🤖 AI Summary
This work addresses the challenges of modeling multi-path hierarchical structures and underutilizing unlabeled data in multi-label remote sensing image classification. To this end, the authors propose an end-to-end scalable framework that integrates hierarchy-specific class tokens into a Vision Transformer and explicitly captures multi-path dependencies among labels via a graph convolutional network. Additionally, a self-supervised learning branch is embedded to effectively leverage unlabeled data. This approach represents the first attempt to jointly incorporate hierarchical label structure and semi-supervised learning in remote sensing multi-label classification. It achieves state-of-the-art performance across four benchmark datasets—UCM, AID, DFC-15, and MLRSNet—and demonstrates particularly significant improvements over existing methods in label-scarce scenarios.
📝 Abstract
Hierarchical multi-label classification (HMLC) is essential for modeling complex label dependencies in remote sensing. Existing methods, however, struggle with multi-path hierarchies where instances belong to multiple branches, and they rarely exploit unlabeled data.

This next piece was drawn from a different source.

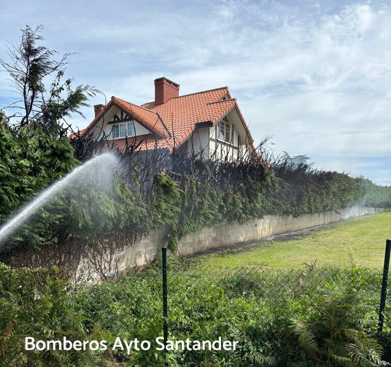 Los Bomberos del Ayuntamiento de Santander han extinguido un incendio en una vivienda unifamiliar, que ha afectado al cercado vegetal de la misma.

We introduce HELM (\textit{Hierarchical and Explicit Label Modeling}), a novel framework that overcomes these limitations. HELM: (i) uses hierarchy-specific class tokens within a Vision Transformer to capture nuanced label interactions; (ii) employs graph convolutional networks to explicitly encode the hierarchical structure and generate hierarchy-aware embeddings; and (iii) integrates a self-supervised branch to effectively leverage unlabeled imagery. We perform a comprehensive evaluation on four remote sensing image (RSI) datasets (UCM, AID, DFC-15, MLRSNet). HELM achieves state-of-the-art performance, consistently outperforming strong baselines in both supervised and semi-supervised settings, demonstrating particular strength in low-label scenarios.